Com o advento da era moderna e sua cosmovisão radical a qualquer essencialidade, a cultura de massas e o establishment científico acabaram por reduzir todo o conteúdo do Direito a fórmulas ideais e diplomas constituídos a partir de premissas lógico-científicas, voltadas para o próprio fechamento metodológico e o encerramento de suas justificativas lógicas. Assim, cada vez mais, a sociologia viu-se afastada do Direito, já com que ele não guardava outra relação senão a de mero expectador de sua efetividade, desconectado de sua ordem constitutiva e com ela nada possuindo de essencialmente comum. O caminho, assim, foi conceber uma nova forma de investigação da sociedade do ponto de vista jurídico: tratá-la como uma máquina de engenharia, mecanizada, absolutamente submissa a esquemas mentais teóricos inventados à imagem e semelhança dos projetos de poder de seus criadores, bem como alheia a qualquer extração possível da realidade da experiência.

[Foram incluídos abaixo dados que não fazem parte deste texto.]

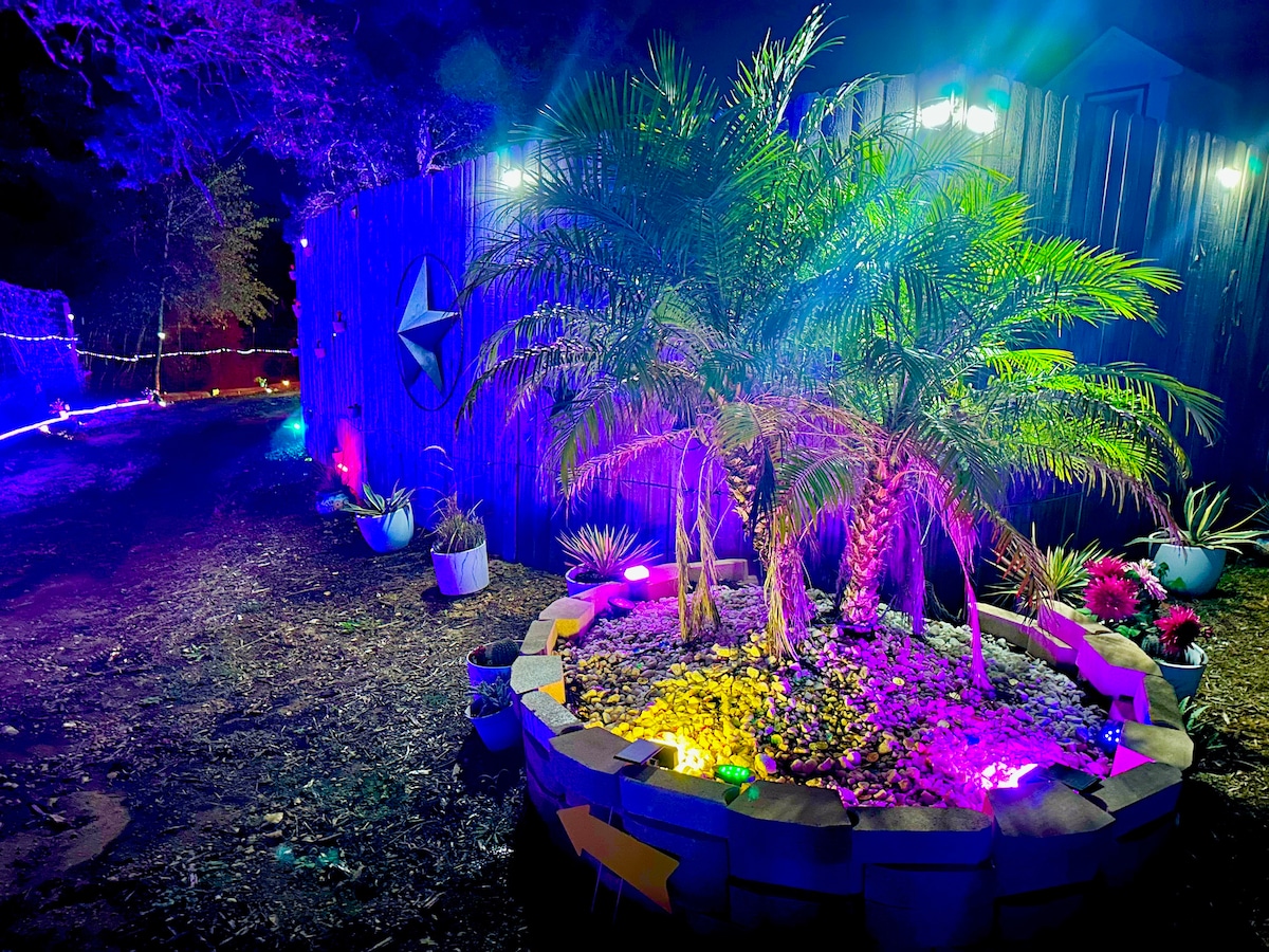 This home is perfect for experiencing Austin from a convenient and comfortable home base with a HUGE backyard! Explore (and take advantage of all the recommendations we offer in our guidebook!) then come home to relax in your private hot tub, play ping-pong, have a movie night in the "Cowboy Cave", or play some croquet! This home also features a HUGE back deck perfect for outdoor dinners. WALK TO DOWTOWN, THE BEST TACOS IN AUSTIN, BREWERIES, COFFEE SHOPS, ETC. 10 MINUTES FROM THE AIRPORT!
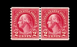 287 nh 599A image#599A, 2c Carmine coil, Ty. II, perf. 10 vert., an incredibly choice mint pair, being in a condition that would be a challenge to duplicate, possessing mathematically perfect centering within large margins, gorgeous intense and "fiery" color, immaculate o.g., n.h., extremely fine; a gem coil pair in every regard; 1998 PF certificate. (Image) 410.00
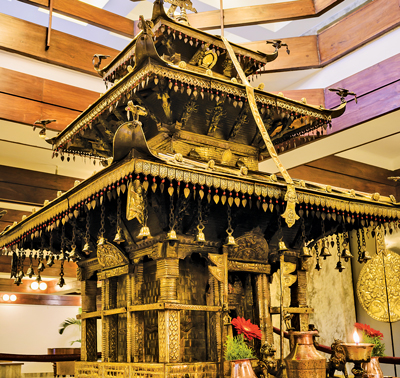 Located near the famous Boudhnath Stupa, a world heritage site monument zone of Kathmandu, Hyatt Regency is set on 37 acres of meticulously landscaped grounds. The architecture of the hotel has been based on traditional Nepali architecture, with its vast lobby embellished with large stone chaityas (stupas) and dhunga dharas (stone spouts) that immediately gives visitors the feeling of Nepal. The hotel has 280 rooms and suites, which include eight suites and seven S-Deluxe, 192 Standard, 38 Stupa View, and 35 Regency Club rooms. Doubtless, one can assume that the Stupa View rooms are much in demand.
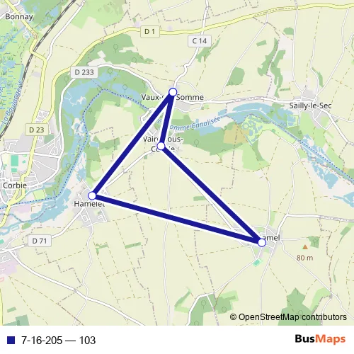 The first stop of the 7-16-205 bus route is Vaux-SUR-Somme - Centre and the last stop is Vaux-SUR-Somme - Centre. 7-16-205 (103) is operational during tous les jours.
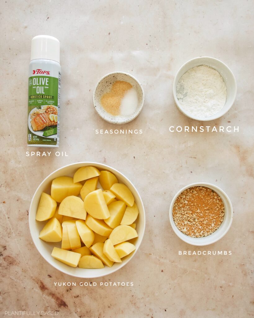 - Breadcrumbs: we will need some breadcrumbs to absorb the liquid. You can use any you like. I used a combination of my homemade seasoned ones. I just take a can of panko, blend it up with seasonings, and then pop back it in the can! Along with a little bit of just regular panko. Because my seasoned panko had paprika it gave the smiley fries a more orange color which did work well here.
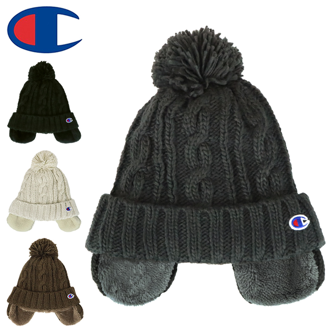 【冬物セール開催中】 チャンピオン ニット帽 耳付き ニットキャップ Champion メンズ レディース 裏ボア ポンポン ビーニー 帽子 男女兼用 あったか 防寒 ポンポン帽 スノボ アニマル 通販 人気 ブランド
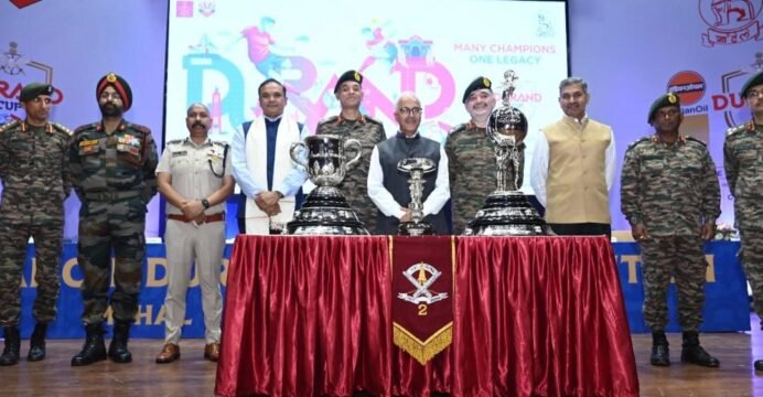 The three trophies of the Durand Cup were showcased at the City Convention Centre in the presence of Ajay Kumar Bhalla, Governor of Manipur who was the Chief Guest of the event. Also present, were Prashant Kumar Singh IAS, Chief Secretary, Government of Manipur and senior military leadership including Lt. Gen. Mohit Malhotra AVSM SM, Chief of Staff, HQ Eastern Command and Chairman, Durand Cup Organising Committee, Lt. Gen. Abhijit S. Pendharkar AVSM YSM, General Officer Commanding, 3 Corps, Maj Gen. S.S Karthikeya YSM SM, General Officer Commanding, 57 Mountain Division, Maj. Gen. Ravroop Singh YSM SM, Inspector General, Assam Rifles (South) and Rajiv Singh IPS -DGP Manipur, according to a release from Durand Cup and AIFF.
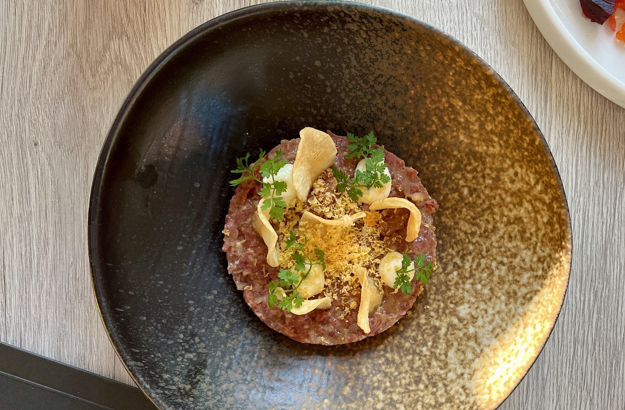 Hovädzí tatarák (14,90 €) v podaní Apolky hodnotíme ako zaujímavý gastronomický experiment. K delikátnemu bifteku sme dostali v hlbokej miske pečený cesnak, nakladané čili, ale takisto topinambur. Tento sladší variant zemiakov, pôvodom opäť zo Severnej Ameriky, spestril jemnú chuť, ktorá nikoho neurazí, čo bol asi zámer. Aj štruktúra tejto luxusnej pochúťky bola veľmi jemná a prezentácia elegantná.
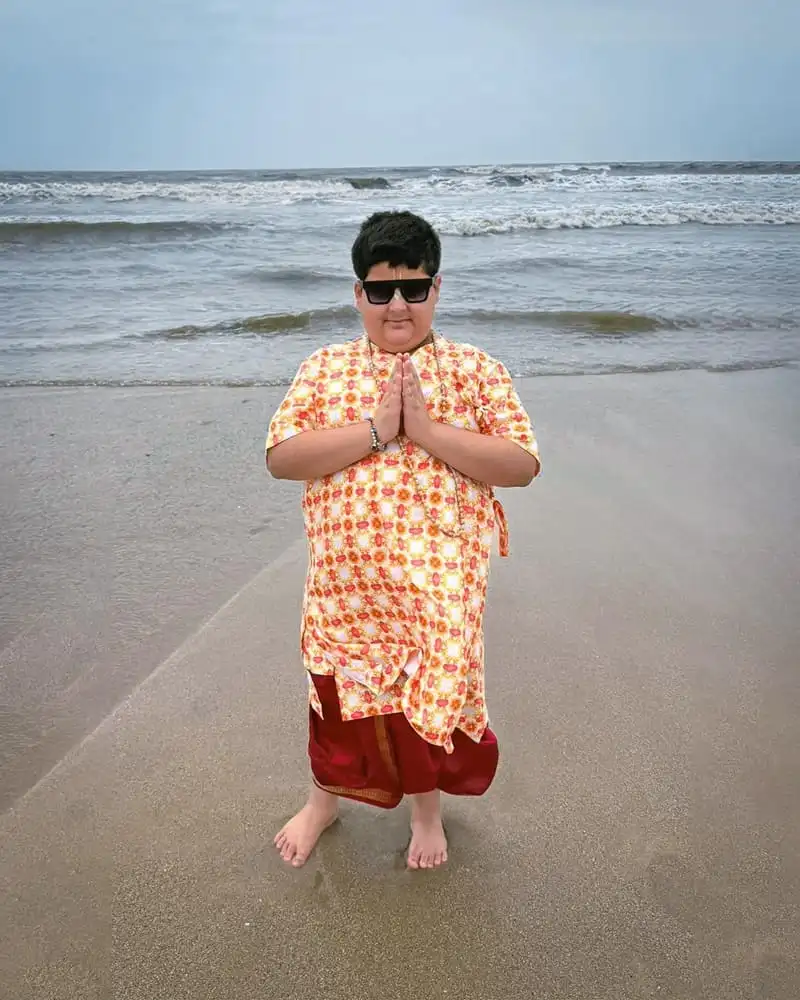 He says that at the startlingly young age of three, his son began to follow a spiritual path. Ever since his enthusiasm for narrating tales and reciting devotionals to Shri Ram has only grown.
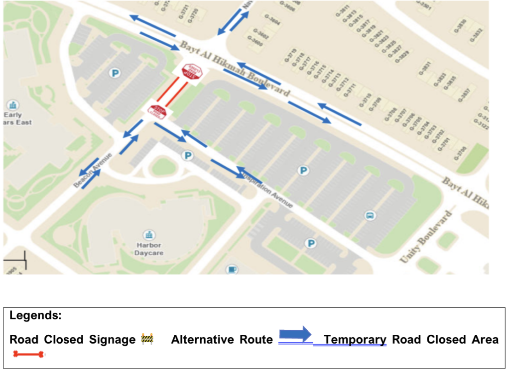 Please note that the Section of Beacon Avenue (Black Iris) Road intersection with Bayt al Hikmah Boulevard Near early years east school will be fully closed from January 01, 2026, to February 14, 2026, due to construction & repair works.
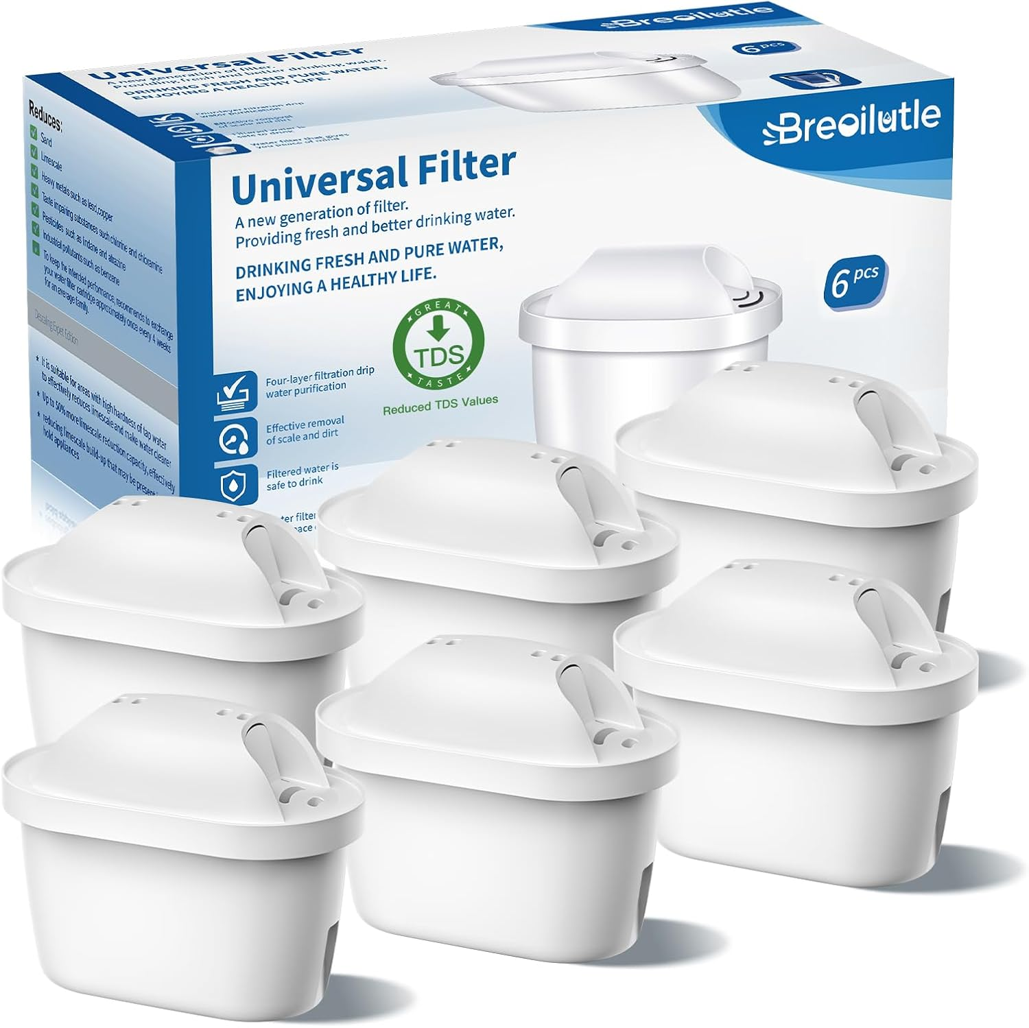 BREOILUTLE Water Filter Cartridges Compatible with Brita® Marella® Jug Kettle, BREOILUTLE Water Filter Replacement for Brita® Maxtra+® Plus Maxtra Pro® All-in-1 Reduces Impurities (6, Classic)

Ora, sendo a realidade existencial um campo aberto e variado de possibilidades investigativas, nada mais restara à sociologia do Direito senão afastar seu âmbito de investigação de qualquer reconhecimento inteligível de uma ordem natural anterior à ordem social e política, concebendo-se, assim, como decorrente de uma cosmovisão em que a ordem social é posta por criadores políticos, que se valem soberanamente do ato de decisão fundamental para instituir essa “ordem”. Por essa razão, criara-se uma onda de desconfiança e descontentamento frente à sociedade, concebendo-a como um plasmado agrupamento amorfo, sujeito às fórmulas teóricas criadas com o objetivo de refletir essa desconfiança e, por assim dizer, esse descontentamento com o mundo. A nova tarefa da sociologia do Direito, assim, seria a de limpar as arestas de campos metodológicos alheios à investigação social e reconhecer, de uma vez para sempre e com vistas à “verdade” que o único caminho possível é o da investigação substancialmente ideológica, dizendo, com todas as letras, que o Direito é uma ideologia e, como tal, um projeto de poder como qualquer outro. Nesse sentido, a sociologia do Direito passa a ser o campo de investigação voltado para decifrar tudo o que as demais disciplinas não o fizeram: reconhecer que tudo é ideologia e, assim, vontade de poder. A desconfiança dá assento ao estado de alienação e, dessa forma, transforma o Direito na vítima (e não mais em objeto de investigação) da sociologia e de seus arautos. O Direito é ideologia e, como tal, só pode ser explicado pelo olhar da desconfiança e não pelo reconhecimento de suas premissas axiológicas. É colocada por terra toda e qualquer alusão a ordem natural, bem como sua sucessora: a crença no positivismo mitigado. Com a expansão do marxismo e suas pretensões redentoras, a sociologia do Direito encontra-se na ante-sala do paraíso terrestre imanente, como fórmula universal de explicação sobre a totalidade da sociedade a partir de seu órgão diretivo e de seus centros decisórios. O objeto de investigação, que fora a ordem natural ou, recentemente, o sistema jurídico positivo, agora se transfigura em uma análise quantitativa dos instrumentos de “opressão e controle” em larga escala. Com o apreço da sociologia “geral” pelo estudo da chamada “sociedade de massas”, restou para a sociologia jurídica o caminho fácil de verificar e analisar mecanismos de controle social e fiscalização de ações humanas espontâneas.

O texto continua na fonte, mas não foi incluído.